DATA FOR THIS TASK:
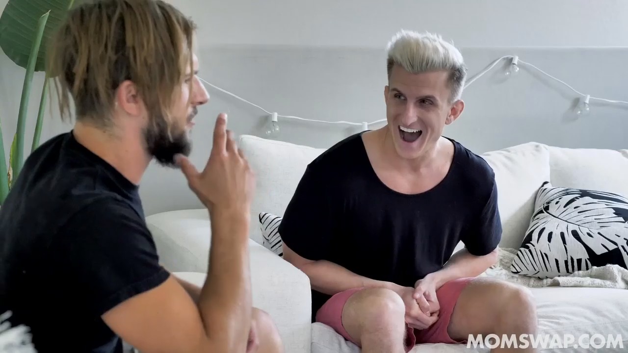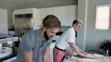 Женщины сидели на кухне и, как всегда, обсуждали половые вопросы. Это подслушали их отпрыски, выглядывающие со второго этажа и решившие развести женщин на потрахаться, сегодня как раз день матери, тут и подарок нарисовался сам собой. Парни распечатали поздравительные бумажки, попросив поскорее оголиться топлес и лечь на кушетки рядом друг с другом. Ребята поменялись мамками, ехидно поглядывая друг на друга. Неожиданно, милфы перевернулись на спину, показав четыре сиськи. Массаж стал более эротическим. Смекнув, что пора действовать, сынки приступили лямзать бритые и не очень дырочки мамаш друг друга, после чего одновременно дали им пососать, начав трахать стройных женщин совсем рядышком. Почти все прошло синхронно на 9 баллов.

* * *

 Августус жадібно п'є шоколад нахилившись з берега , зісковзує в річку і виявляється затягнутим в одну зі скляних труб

--

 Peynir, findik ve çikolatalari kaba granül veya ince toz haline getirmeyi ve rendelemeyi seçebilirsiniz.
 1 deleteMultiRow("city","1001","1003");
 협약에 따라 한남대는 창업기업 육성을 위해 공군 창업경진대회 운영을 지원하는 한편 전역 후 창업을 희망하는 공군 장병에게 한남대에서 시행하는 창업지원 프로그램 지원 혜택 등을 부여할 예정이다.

ASSIGNMENT: In the material above, transcribe exactly the lines beginning at the one with "Peynir, findik ve" and ending at the one with "협약에 따라 한남대는", both included.

RESPONSE:
 Peynir, findik ve çikolatalari kaba granül veya ince toz haline getirmeyi ve rendelemeyi seçebilirsiniz.
 1 deleteMultiRow("city","1001","1003");
 협약에 따라 한남대는 창업기업 육성을 위해 공군 창업경진대회 운영을 지원하는 한편 전역 후 창업을 희망하는 공군 장병에게 한남대에서 시행하는 창업지원 프로그램 지원 혜택 등을 부여할 예정이다.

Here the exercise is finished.